Leor Zolman bought his first microcomputer (an IMSAI 8080) while in high school in L.A., carried it to M.I.T., withdrew, and wrote the BDS C compiler with it in assembly language. That was enough assembly language hacking to last a lifetime, so now he enjoys UNIX/Xenix system administration, article writing, and raising his newborn daughter Katelyn. You can reach him at leor@rdpub.com or uunet!bdsoft!rdpub!leor.
If you leaf through this or most any other magazine, you may notice how the material is organized into columns. While advertising material and editorial narrative tend to make effective use of their allotted number of columns, long program listings are usually a different story.
The trouble is something inherent to the nature of structured programming: liberal use of indentation is standard, reasonable practice for maintaining readability. But once you've indented enough tab stops to the right there may not be much space remaining for code — especially if the entire width of the listing needs to fit in a space narrower than one full page.

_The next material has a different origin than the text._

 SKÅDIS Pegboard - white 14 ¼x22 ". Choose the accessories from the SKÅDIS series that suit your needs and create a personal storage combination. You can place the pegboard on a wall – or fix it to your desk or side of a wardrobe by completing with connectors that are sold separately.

Then there is the whole, messy issue of comments. Unless you take advantage of the C++ // comment delimiter, it costs at least six columns of overhead just to delimit a complete comment on a single line of code ("/* " and " */", shown with a space character at each end to keep the comment text from bumping right up to each delimiter).

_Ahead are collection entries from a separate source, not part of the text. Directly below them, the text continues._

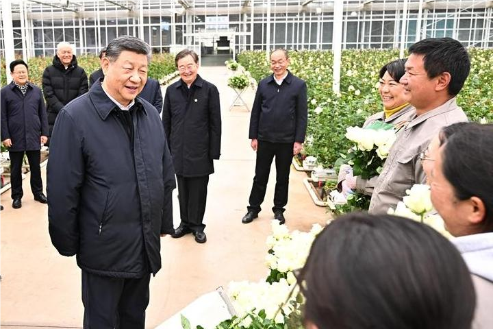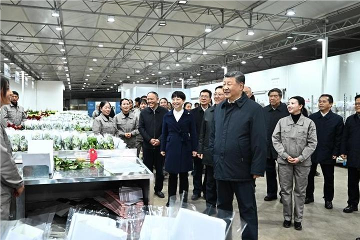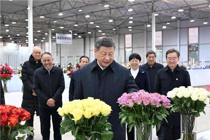 19日下午,习近平来到丽江现代花卉产业园。在展厅,他察看玫瑰、马蹄莲鲜切花品种展示,听取云南花卉产业发展情况介绍。在玫瑰花种植区,他了解智能温室无土栽培技术,同现场村民、技术人员亲切交谈。他还来到玫瑰花分级包装生产线,察看筛选、分级到包装、发货的全流程,对鲜切花通过物流及时外销表示肯定。习近平指出,云南花卉产业前景广阔,要着眼全产业链,从种业端、种植端、市场端不断深耕细作,让这一“美丽产业”成为造福群众的“幸福产业”。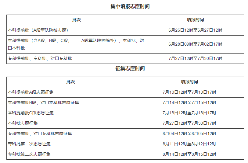 今年,我省高考志愿填报分两次进行。第一次志愿填报时间为6月25日20时至27日20时;第二次志愿填报时间为8月5日20时至7日14时。高考录取工作将于7月5日开始,8月19日结束。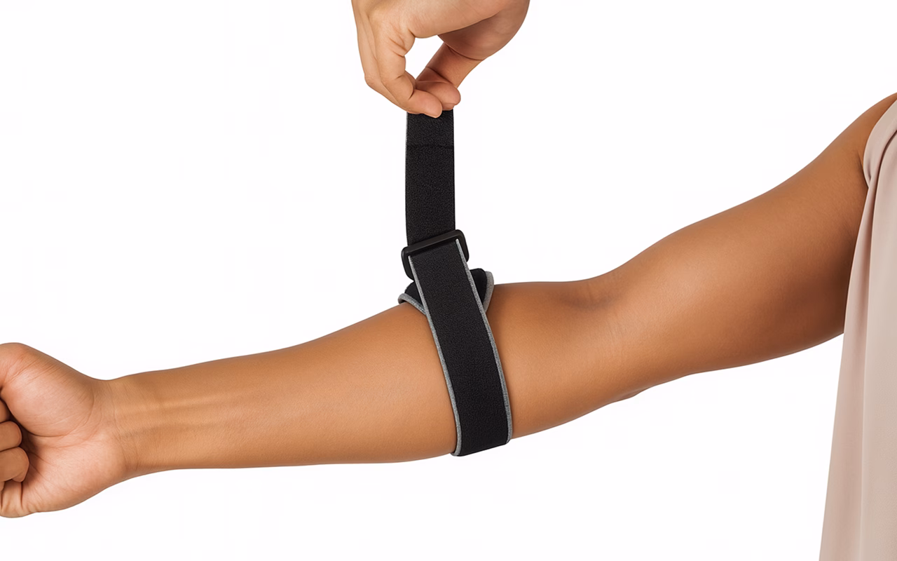 Deze band houdt mijn elleboog de hele dag comfortabel op het werk. Typen op mijn computer maakt mijn onderarm niet meer pijnlijk zoals vroeger.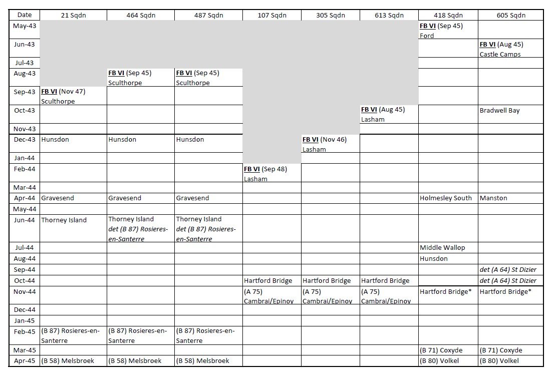busdriver Posted December 2, 2019 Posted December 2, 2019 (edited) On 12/1/2019 at 3:16 AM, Bremspropeller said: Would it be feasible to fly a Coastal Command Mosquito on the map? If you are a stickler (AKA anal retentive) then the answer based strictly on the map is NO. The jpegs show squadrons with their rough date of acquiring FB Mk VIs, and their assigned base (and transfers). Coastal Command bases are either off the left side of the map or waaaaay off the top of the map (northern coast of Scotland). Having said that, I'm all for including them just to get the rockets and the Mk XVIII. Various sources say between 19 and 29 of these were procured. They only carried 24 rounds for the 57mm, and eventually reduced the machine guns to two. Of note missing 618 Sqdn of Coastal Command trained with B Mk IVs (bombers) with the plan to use the Highball to attack shipping (Tirpitz). As it turned out that plan was scrapped, the crews scattered (later to be re-assembled to be sent to Australia) and a few were tasked to test the 57mm. These crew were 618 Sqdn Special Detachment assigned for administrative purposes to 248 Sqdn (just as they were converting from Beaufighters). Also not shown is 254 Sqdn that acquired a couple of Mk XVIIIs in March 1945. Contrary to the 2 TAF trilogy of books, I cannot find any reference to night fighter squadrons getting any Tsetse Mosquitos. Otherwise the three squadrons 23 Sqdn (returning from the Med inJun 44), 169 Sqdn and 515 Sqdn were assigned to 100 Group in support of Bomber Command. Some Mk VIs were equipped with radar, like 23 Sqdn's after being assigned to 100 Group, but I'm unsure how many of 169 and 515 were modified. The other FB Mk VI squadrons you could reasonably expect to see, six came from 2nd Group of Bomber Command that were assigned to 2 TAF. You can see when they transferred to the continent. You can see how these six were split between two wings, staying together (except for brief 2 weeks transfers elsewhere). The last two FB Mk VIs squadrons were 11 Group of Fighter Command up until Nov 1944. These squadrons were dedicated night intruder squadrons from their days in the Boston/Havoc. They rarely carried bombs, and never rockets. The 2nd Group squadrons flew a lot of day sorties prior to D-Day and afterwards the bulk of their sorties were at night (while the Bostons and Mitchells flew mostly day sorties). 2 TAF stood up in June 1943, and according to Martin W Bowman 2nd Group was assigned on 1 Jun 43. I'm searching my references but don't see any pictures of these airplanes carrying rockets, rather slipper tanks or bombs under the wings. [Always happy to be shown evidence they did...] And if one is sticking to the historical imperative and apparent map limitations, not all of these squadrons would be available all the time. Edited December 3, 2019 by busdriver 1 2 3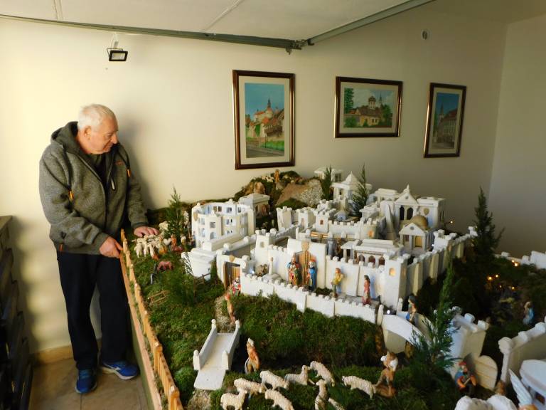 Njegove jaslice spadajo v projekt Božična vas Banovci in so nekaj posebnega. Potem, ko jih je jaslice izdelal in postavil, sta se z ženo odpravila v gozd Murščak, kjer sta nabrala zelenje in mah, ki krasita jaslice.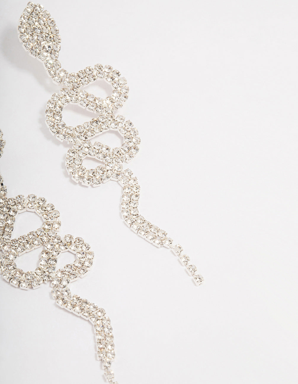 Enter your Reputation Era with our selection of stunning snake earrings. These lovely statement earrings feature a swirling snake design, encrusted with eye-catching diamantes for a touch of sparkle.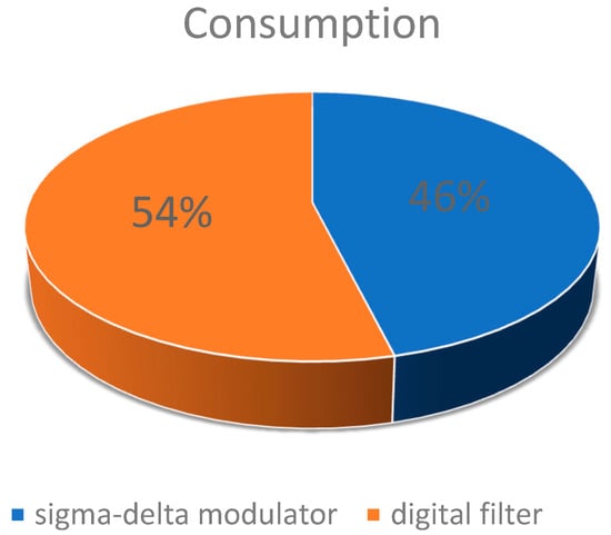 In our work, we use a power supply voltage of 5 V. The power consumption of the analog modulator is about 6 mW, and the power consumption of the digital filter is about 7 mW. The power consumption per block is shown in Figure 12. To validate the effectiveness of the chopper technique, we utilized a spectrum analyzer to test the circuit′s noise, and the noise results are shown in Figure 13. The 1/f noise corner frequency is reduced from 10 kHz to 0.7 Hz by the chopper technique.

Two traditional solutions to this excessive-code-girth problem are
a) photographically reducing code listings
b) asking authors to re-write listings to reduce maximum line length
The first approach tends to result in printed listings that are difficult to both read and scan. In this and next month's columns, I'll present a pair of C programs that together provide a reasonably effective automated solution to the second approach.

Those Pesky Tabs
Most program editing today is probably performed using fairly intelligent text editors, such as EMACS/Epsilon, Brief, etc. One feature common to such editors is the ability to specify a custom "hard tab" value: When you insert a tab character, the cursor moves over to the next column of the display that is a multiple of n, where you have specified n as a global setting. The usual default for this tab setting is eight. With this default in 80 columns, it doesn't take many nested loops to cause C programs to begin storming the right margin. To make matters worse, the space normally available for code listings tends to run even less than that — actually around 65 character columns.

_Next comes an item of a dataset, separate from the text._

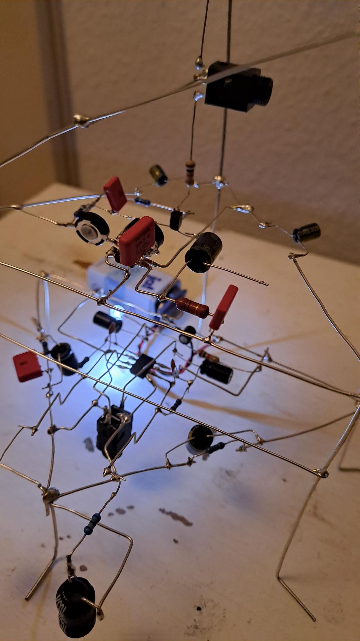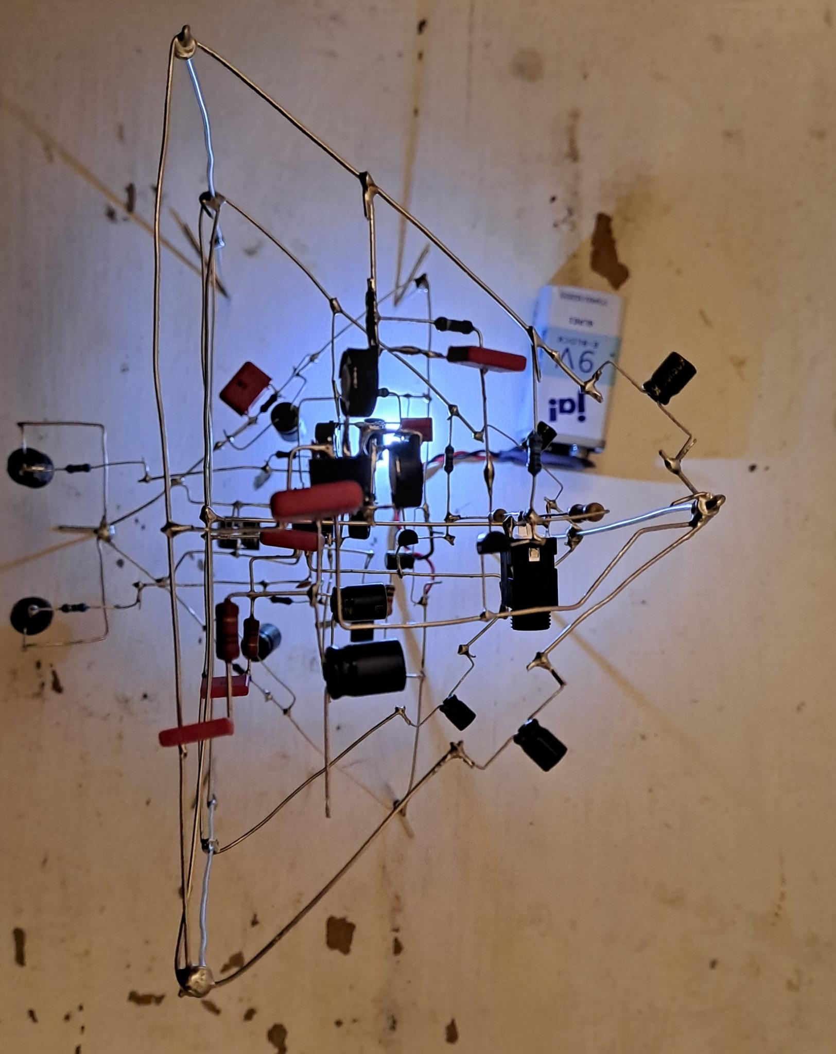 I had already been digging myself into the rabbit hole of point-to-point-soldering, strongly inspired by the works of Peter Vogel and Iona Vreme Moser.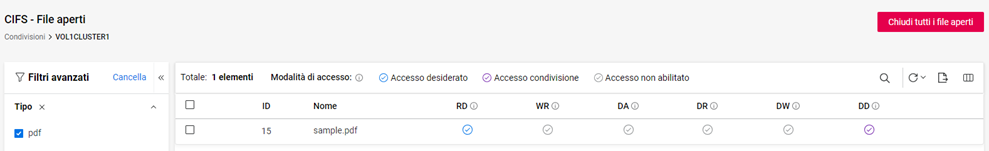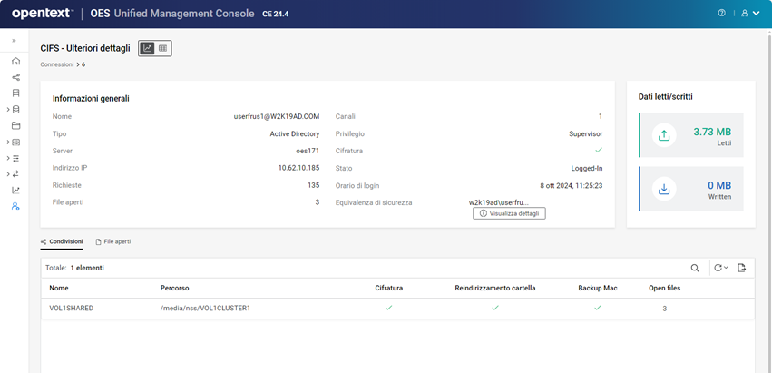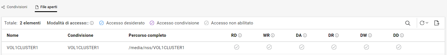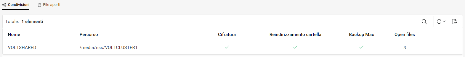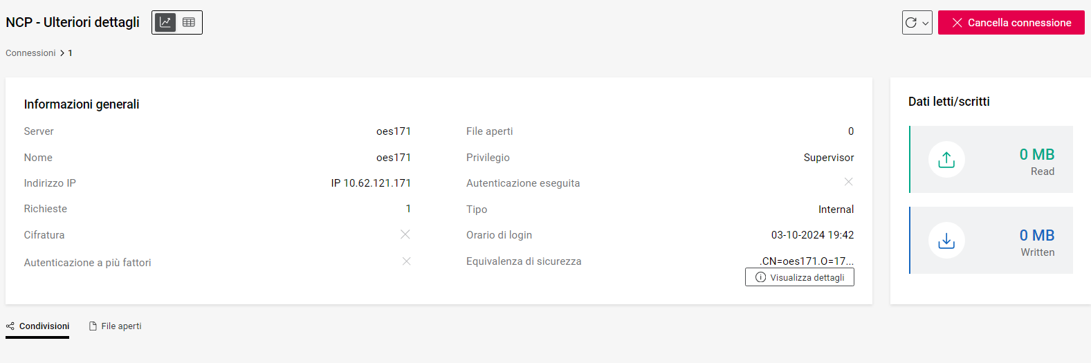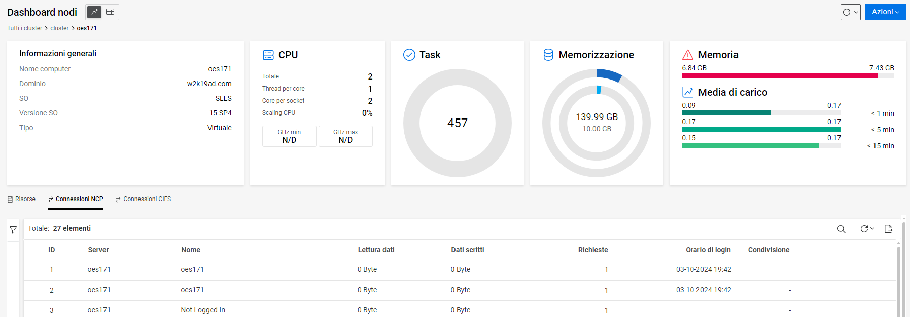Vista tabella: elenca le connessioni NCP e CIFS.

The varying interpretation of hard tabs is one of the most confusing factors in processing code listings. While an author may have written his code with a tab setting of four to conserve horizontal space, the program used by a magazine publisher to print out listings for publication may assume that a hard tab setting of eight was used in the preparation of the text. The result is an incorrectly formatted listing.
To deal with this possible conflict, an author may choose to use only 8-column hard tabs in listings to be published, leading to the line-length problem. Or, he can provide listings with all tabs converted to spaces. While this eliminates the possibility of misalignment, it also makes editing of the listing more difficult and time consuming.

Line Numbers
I prefer to include line numbers in listings appearing with my articles because it makes referring to specific lines of code so much easier. The line numbers themselves, however, do take up several valuable columns of space. By knowing how many lines a listing contains, however, we can at least limit the number of columns reserved for line numbers to the minimum necessary amount.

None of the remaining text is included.